## Work task
Take the line containing "Eine Schildkröte, wohl" through the last line of the data and retype those lines exactly. Pictures do not belong in the copy.

──────── Input data

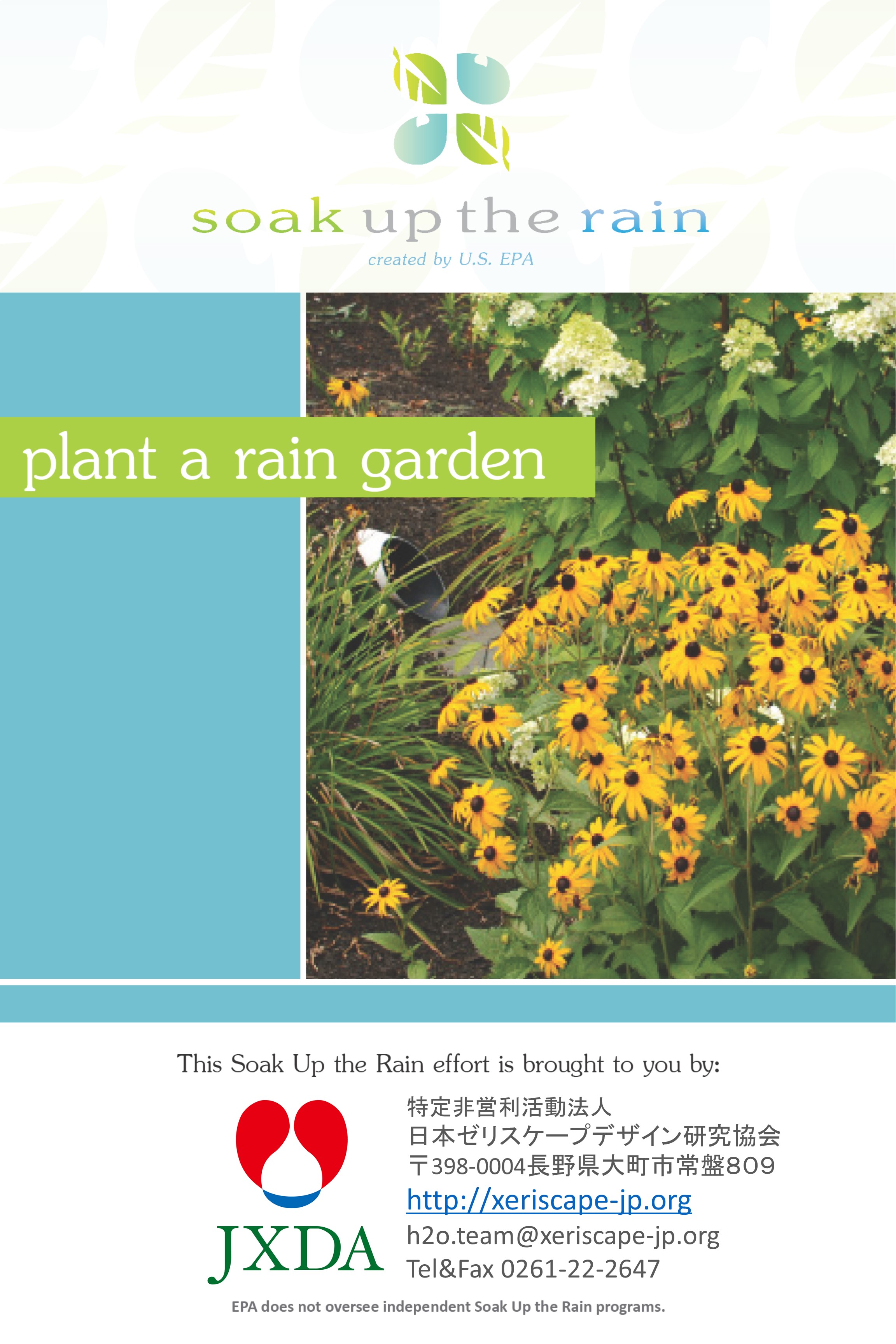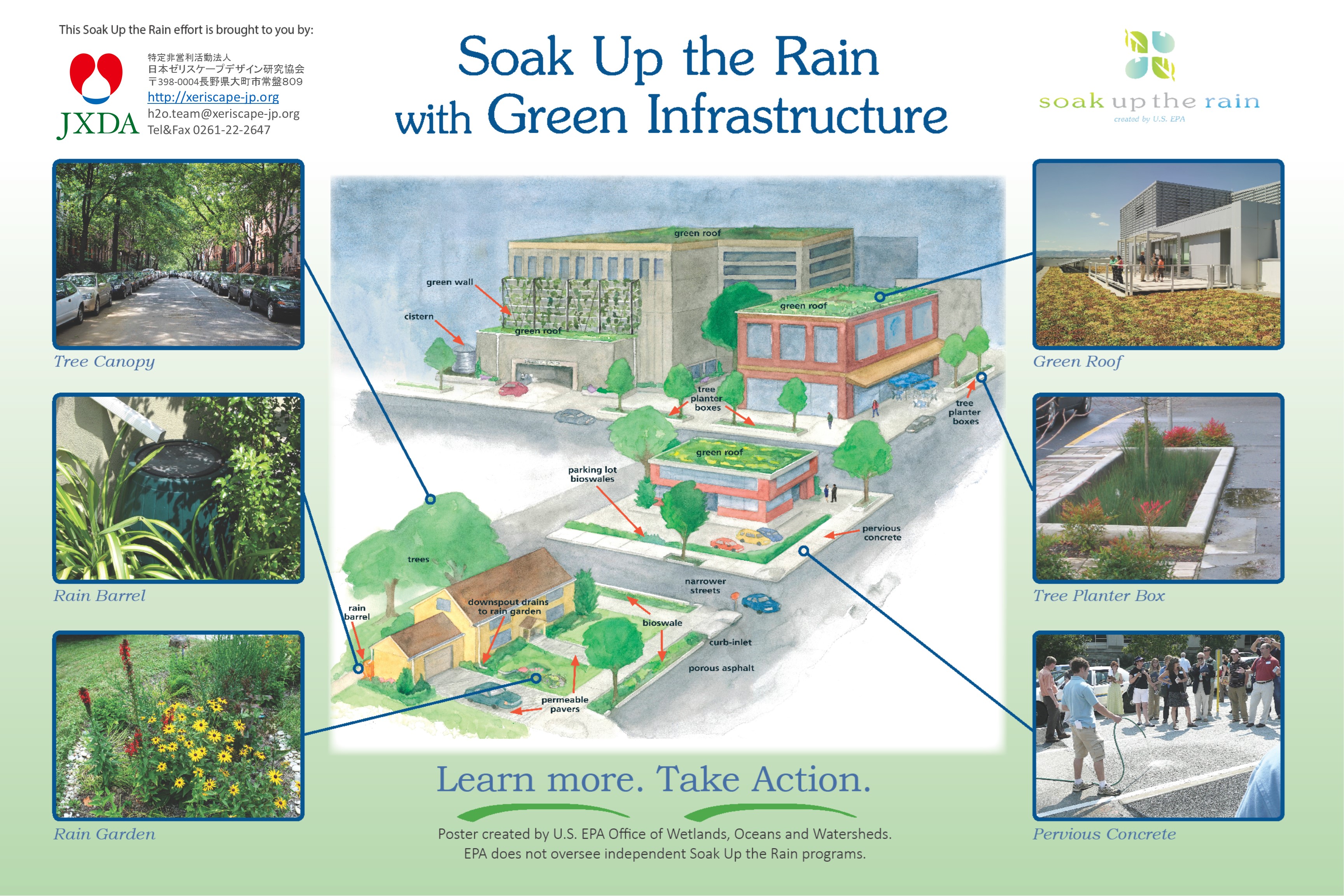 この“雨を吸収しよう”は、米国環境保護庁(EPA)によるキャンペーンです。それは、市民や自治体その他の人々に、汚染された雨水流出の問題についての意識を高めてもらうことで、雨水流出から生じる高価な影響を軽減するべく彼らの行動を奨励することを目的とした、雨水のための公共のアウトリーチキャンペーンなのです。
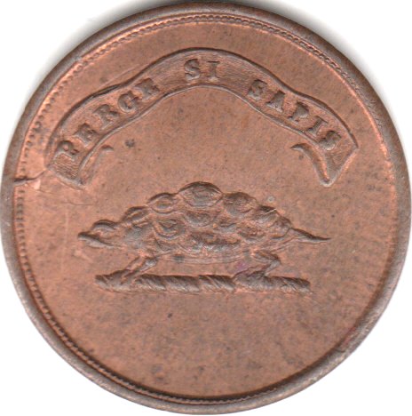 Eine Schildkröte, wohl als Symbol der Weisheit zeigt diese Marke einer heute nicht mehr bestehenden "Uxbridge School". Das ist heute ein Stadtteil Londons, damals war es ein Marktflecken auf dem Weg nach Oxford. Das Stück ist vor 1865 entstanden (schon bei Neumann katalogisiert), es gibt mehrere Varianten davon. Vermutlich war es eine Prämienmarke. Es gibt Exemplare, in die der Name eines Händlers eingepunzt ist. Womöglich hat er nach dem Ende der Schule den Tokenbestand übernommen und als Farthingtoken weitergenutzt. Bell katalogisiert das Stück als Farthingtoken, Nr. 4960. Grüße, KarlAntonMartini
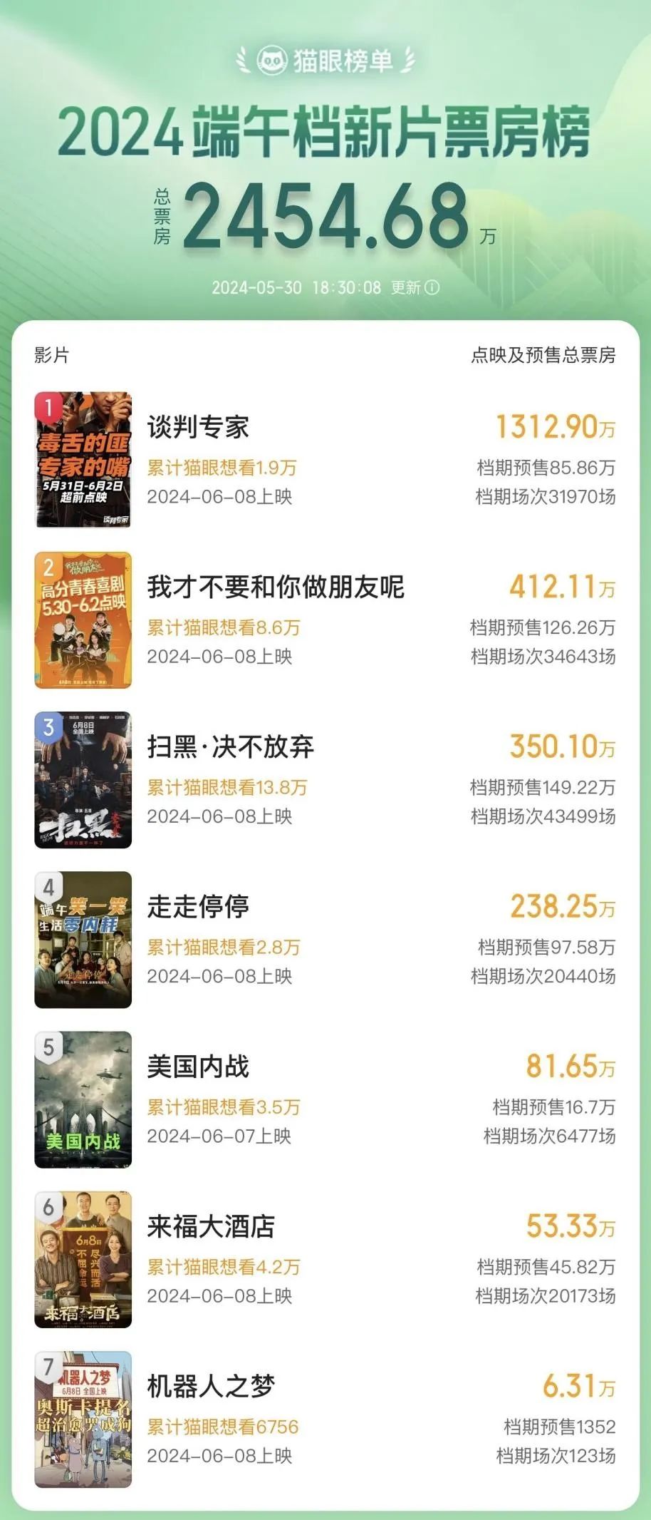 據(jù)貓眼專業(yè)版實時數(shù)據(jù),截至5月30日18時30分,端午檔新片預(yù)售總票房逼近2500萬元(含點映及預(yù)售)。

────────────────

## Response box
 Eine Schildkröte, wohl als Symbol der Weisheit zeigt diese Marke einer heute nicht mehr bestehenden "Uxbridge School". Das ist heute ein Stadtteil Londons, damals war es ein Marktflecken auf dem Weg nach Oxford. Das Stück ist vor 1865 entstanden (schon bei Neumann katalogisiert), es gibt mehrere Varianten davon. Vermutlich war es eine Prämienmarke. Es gibt Exemplare, in die der Name eines Händlers eingepunzt ist. Womöglich hat er nach dem Ende der Schule den Tokenbestand übernommen und als Farthingtoken weitergenutzt. Bell katalogisiert das Stück als Farthingtoken, Nr. 4960. Grüße, KarlAntonMartini
 據(jù)貓眼專業(yè)版實時數(shù)據(jù),截至5月30日18時30分,端午檔新片預(yù)售總票房逼近2500萬元(含點映及預(yù)售)。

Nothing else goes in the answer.